Newman, Mark. Communities, Modules and Large-scale Structure in Networks. Nature Physics. 8/1, 2012. The University of Michigan, Center for the Study of Complex Systems, mathematician is a leading theorist, advocate and explainer of this grand perception of a whole integral dimension of cosmos, life, persons, and culture beyond reduced, isolate things alone. In an Insight – Complexity section, a recent emphasis arising from these studies is the common tendency to form semi-autonomous modular communities, indeed an array of nested networks that much increases robust survival. His latest book Networks: An Introduction (Oxford, 2010) is a standard source.

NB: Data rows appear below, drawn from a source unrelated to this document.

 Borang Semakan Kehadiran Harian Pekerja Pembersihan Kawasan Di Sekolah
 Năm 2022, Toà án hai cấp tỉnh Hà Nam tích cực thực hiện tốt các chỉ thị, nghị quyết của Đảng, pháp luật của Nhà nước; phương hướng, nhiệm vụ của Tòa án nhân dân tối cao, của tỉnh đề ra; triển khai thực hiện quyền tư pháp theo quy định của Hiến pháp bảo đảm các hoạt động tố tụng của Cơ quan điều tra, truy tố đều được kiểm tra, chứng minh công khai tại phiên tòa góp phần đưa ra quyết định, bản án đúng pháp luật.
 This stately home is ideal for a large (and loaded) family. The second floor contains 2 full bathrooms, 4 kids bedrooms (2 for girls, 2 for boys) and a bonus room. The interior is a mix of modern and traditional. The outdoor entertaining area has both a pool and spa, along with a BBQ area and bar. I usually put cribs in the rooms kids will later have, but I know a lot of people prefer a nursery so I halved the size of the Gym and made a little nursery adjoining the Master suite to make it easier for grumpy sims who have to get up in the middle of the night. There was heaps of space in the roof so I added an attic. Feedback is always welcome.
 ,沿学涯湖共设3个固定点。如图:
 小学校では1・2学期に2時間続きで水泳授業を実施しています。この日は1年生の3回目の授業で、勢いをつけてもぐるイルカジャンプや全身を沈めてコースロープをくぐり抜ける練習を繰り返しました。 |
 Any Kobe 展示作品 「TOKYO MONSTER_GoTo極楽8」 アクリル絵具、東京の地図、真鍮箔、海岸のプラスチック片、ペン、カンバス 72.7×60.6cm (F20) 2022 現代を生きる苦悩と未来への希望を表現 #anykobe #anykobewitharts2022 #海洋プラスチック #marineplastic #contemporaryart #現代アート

Nieves, Veronica, et al. Maximum Entropy Distributions of Scale-Invariant Processes. Physical Review Letters. 105/118701, 2010. Postdoc physicist Nieves, grad student Jingfeng Wang and Rafael Bras, Dean of Engineering (newly Georgia Tech Provost), University of California, Irvine, and grad student Elizabeth Wood, MIT, find that circa 2010 nature’s grand self-similarity, as many other recent papers attest, is robustly evident from cosmos to civilization, and can indeed be modeled in its universal mode by such physical principles.

Organizations of many variables in nature such as soil moisture and topography exhibit patterns with no dominant scales. The maximum entropy (ME) principle is proposed to show how these variables can be statistically described using their scale-invariant properties and geometric mean. The ME principle predicts with great simplicity the probability distribution of a scale-invariant process in terms of macroscopic observables. The ME principle offers a universal and unified framework for characterizing such multiscaling processes. (Abstract, 118701)

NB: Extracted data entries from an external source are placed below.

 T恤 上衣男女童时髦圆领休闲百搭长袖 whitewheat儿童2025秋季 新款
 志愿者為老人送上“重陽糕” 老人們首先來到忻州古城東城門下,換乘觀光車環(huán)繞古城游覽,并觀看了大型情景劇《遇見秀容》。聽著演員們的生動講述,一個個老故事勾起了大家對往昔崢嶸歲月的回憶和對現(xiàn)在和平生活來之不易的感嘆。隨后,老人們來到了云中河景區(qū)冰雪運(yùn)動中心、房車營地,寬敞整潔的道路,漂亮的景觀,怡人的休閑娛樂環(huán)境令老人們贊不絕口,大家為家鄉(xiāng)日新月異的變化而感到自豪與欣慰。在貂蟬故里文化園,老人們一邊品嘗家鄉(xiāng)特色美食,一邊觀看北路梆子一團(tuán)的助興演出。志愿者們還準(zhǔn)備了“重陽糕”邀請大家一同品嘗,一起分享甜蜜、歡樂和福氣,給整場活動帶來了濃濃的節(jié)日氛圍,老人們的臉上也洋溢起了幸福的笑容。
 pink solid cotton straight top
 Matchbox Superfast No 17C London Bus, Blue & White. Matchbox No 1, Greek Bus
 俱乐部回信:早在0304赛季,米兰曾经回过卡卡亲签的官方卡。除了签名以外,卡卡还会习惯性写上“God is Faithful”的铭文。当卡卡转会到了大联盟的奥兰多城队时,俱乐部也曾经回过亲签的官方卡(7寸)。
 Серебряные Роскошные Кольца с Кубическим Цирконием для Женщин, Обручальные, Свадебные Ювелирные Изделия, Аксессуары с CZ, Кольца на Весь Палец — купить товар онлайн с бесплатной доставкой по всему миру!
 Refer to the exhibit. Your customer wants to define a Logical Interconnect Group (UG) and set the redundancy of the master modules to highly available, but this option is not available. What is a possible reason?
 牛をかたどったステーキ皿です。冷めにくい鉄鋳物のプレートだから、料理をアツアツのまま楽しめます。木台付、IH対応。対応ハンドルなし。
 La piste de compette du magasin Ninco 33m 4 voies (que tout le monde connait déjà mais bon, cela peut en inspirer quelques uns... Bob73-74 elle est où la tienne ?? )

Such scale-invariant behavior resulting from self-organization emerges as the most probable and macroscopically reproducible state. It turns out that the geometric mean provides essential information for shaping river networks. (118701-4) The geometric mean is also identified as an important parameter, in addition to the moments, in characterizing multiscaling incremental processes of soil moisture and topography. ….this analysis supports the assertion that the ME theory is a universal and unified framework to characterize those processes governed by scale-invariant laws. (118701-4)

Pan, Raj Kumar and Sitabhra Sinha. Modularity Produces Small-World Networks with Dynamical Time-Scale Separation. EPL (Europhysics Letters). 85/68006, 2009. Institute of Mathematical Sciences, C. I. T. Campus, Chennai, India systems scientists contend that including the ubiquitous presence of modular network substructures in SWNs can reveal a universality that holds across natural phenomena from physical Ising spin-orderings to metabolisms to societies. Now this paper, any many others like it, can illustrate the two extant ways of perceiving such phenomena. As this site records, such nonlinear dynamics can either be noted and studied as instantiated from galaxies to Gaia, or as this distillation unto an independent propensity. The authors go on to say that such commonalities can be applied to contain disease epidemics, as they similarly express this geometry.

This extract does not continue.